抱月は郷土の偉人でありながら、所属する劇団女優の松井須磨子と不倫スキャンダルを起こして、大学教授の地位を追われ、家庭を捨てて一座の興行主に成り下がった男として、侮蔑と揶揄をもって語られると言います。
本当にスキャンダルだけの男だったのか、著者はもっとも近くで抱月を見ていた第三者の、晋平の目を借りて明らかにしていきます。
物語では、抱月、妻市子、須磨子の三角関係が描かれていきます。
波瀾の生涯そのものが悲劇のヒロインのようだった須磨子は言うまでもなく、理知的でブリリヤントで、よき家庭のお父さんだった抱月が情熱的な須磨子に心を奪われ溺れていくさまも演劇のよう。
明治末から大正にかけて、抱月と須磨子が心血を注いだ、新しい演劇運動についても活写され、物語に巧みに織り込まれています。
抱月も須磨子も、優れた演劇を通して、人々に夢を与え、楽しませたり、感動させたりしてきました。また劇団からは多くの演劇人も輩出しました。

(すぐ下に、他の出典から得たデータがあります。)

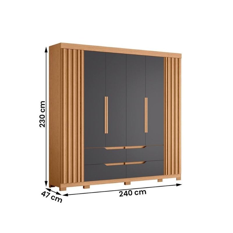 Guarda Roupa Doble Casal Quarto Com 6 Portas E 4 Gavetas Freijo/titaniumApresentamos o nosso guarda roupa casal Doble, perfeito para adicionar um toque de elegância e funcionalidade ao seu quarto. Com um design moderno e sofisticado, este guarda roupa é ideal para qualquer ambiente. As gavetas espaçosas oferecem amplo espaço de armazenamento para organizar seus pertences de forma prática e conveniente. Adquira já o seu e transforme o seu espaço com estilo e praticidade.Modelo: Guarda Roupa Doble Casal;Material: MDP;Altura: 230 cm;Largura: 240 cm;Profundidade: 47 cm;Quantidade de portas: 06, sendo 2 portas com acabamento ripado;Tipo de dobradiças: Metálicas;Quantidade de gavetas: 04;Tipo de corrediças: Telescópicas;Com puxador: Sim;Material do puxador: MDF revestido;Quantidade de prateleiras: 10;Com espelho: Não se aplica;Com cabideiro: Sim, em alumínio;Com pés: Sim,10 de plástico;Peso suportado: até 102 kg distribuídos;Tonalidades de cores:Cinamomo: Fosco;Off White: Brilho;Jatobá: Fosco;Fendi Metalic: Fosco;Nature: Fosco;Titanium: Fosco;Requer montagem: Sim (kit montagem incluso);Condição do item: Novo;Embalagem do envio: Papelão e plástico.Informações adicionais:- Os objetos que ambientam as fotos não acompanham o produto;- É de inteira responsabilidade do cliente a montagem do produto e/ou instalação, assim como possíveis irregularidades provenientes de manuseio inadequado;- Embora o produto acompanhe o manual de montagem, verifique a complexidade antes de decidir montá-lo sozinho, recomendamos que contrate um profissional de sua confiança;- Fique atento, nossas cores podem sofrer alterações dependendo do seu monitor;- ANTES DE MONTAR O SEU PRODUTO, verifique se há alguma peça danificada, caso esteja, prestaremos a devida assistência dentro do prazo da garantia. Marca: Albatroz Moveis | Altura: 230 cm | Largura: 240 cm | Comprimento: 47 cm | Altura Embalado: 32 cm | Largura Embalado: 48,2 cm | Comprimento Embalado: 243,2 cm | Peso: 143,750 kg | Peso Embalado: 143,750 kg | Material: MDP | Modelo: Guarda Roupa Doble Casal 6 Pts 4 Gav | Estado de Origem: SP | Descrição do Tamanho: 243,2x48,2x32 cm | Garantia em meses: 03 meses de garantia para defeito de fabricação | Precisa de montagem?: Sim, sugerimos a contratação do nosso serviço de montagem (para os CEPs em que o serviço está disponível) ou de algum profissional experiente de sua preferência | Tonalidade: Multicolorido | Tipo de guarda roupa: Casal | Quantidade de portas: 6 | Linha: Quarto | Fonte do produto: Loja DoceLar | Com baú: Sim | Com espelho: Não | Condição do item: Novo | Idade: Adultos | Material das corrediças: Telescopicas | Quantidade de espelhos: 0 | Profundidade: 47 cm | Acessórios de montagem incluidos: Sim | Com pés: Sim | Com gavetas: Sim | É kit: Não | Quantidade de cabideiros do guarda-roupa: 2 | Estilo: Moderno | Quantidade de gavetas: 4 | Com portas: Sim | Acabamento: Pintura | Quantidade de portas com chave: 0 | Com nichos: Sim | Com cabideiros: Sim | Capacidade em peso: 102 kg | Com corrediças telescópicas: Sim | Setores de pendurado: Superior | Com espaço para calçado: Sim | Quantidade de prateleiras: 10 | Com prateleiras: Sim | Tamanho: Casal | Tipos de abertura das portas: Bater | Material dos cabideiros: Aluminio | Quantidade de nichos: 10 | Materiais da estrutura: MDP | Quantidade de gavetas com chave: 0 | Tipo de produto: Guarda Roupa | Materiais da fita de borda: N/A | Com fita de borda: Sim | Tipo de Closet: Casal | Produto: Guarda Roupa Doble Casal Quarto Com 6 Portas e 4 Gavetas | Acompanha Porta: Sim | Código INMETRO: Não se aplica | Código ANVISA: Não se aplica | Código da Homologação ANATEL: Não se aplica | Código MAPA: Não se aplica | Precisa de baterias ou pilhas (areBatteriesRequired): Não | Principais Característica 0: Feito em MDP. | Principais Característica 1: Com 6 Portas, sendo 2 portas com acabamento ripado. | Principais Característica 2: Com 4 gavetas com corrediças telescópicas. | Certificação de teste externa: Não se aplica | Componentes incluídos: Manual do Usuario | Is Fragile: Sim | Número do modelo: 24462 | Número de caixas: 4 | Quantidade de Itens: 1 | Número da peça: 24462 | Inclui manual de montagem: Sim | Freijo/Titanium

スキャンダルだけに注目するのではなく、その人が成し遂げた業績とあわせてみていく必要があるのだということに気づかされました。
タイトルの「アンサンブル」は、音楽用語で2人以上が同時に演奏することですが、作曲家中山晋平に由来しているとともに、抱月と須磨子が作ってきた演劇運動にも相通じるものだと思いました。
抱月の劇団のため、須磨子に歌わせるために晋平が作った「カチューシャの唄」。
大衆の心と共にある音楽を。
晋平が青春の日々の中で、二人から受けたとったものは小さくありません。
表紙の羅久井ハナさんの版画が素敵で、衝動的にカレンダーをポチッとしてしまいましたが、届いた画がどの月も素敵で、とても気にっています。今年を良い一年にしたいと思います。
アンサンブル
志川節子
徳間書店
2023年11月30日第1刷
装幀:関口聖司
装画(版画):羅久井ハナ
●目次
なし
本文269ページ
初出:
「読楽」2021年3月号、5月号、7月号、9月号、11月号、2022年1月号、3月号、5月号、7月号、9月号掲載。単行本化に際し、大幅に加筆修正したもの。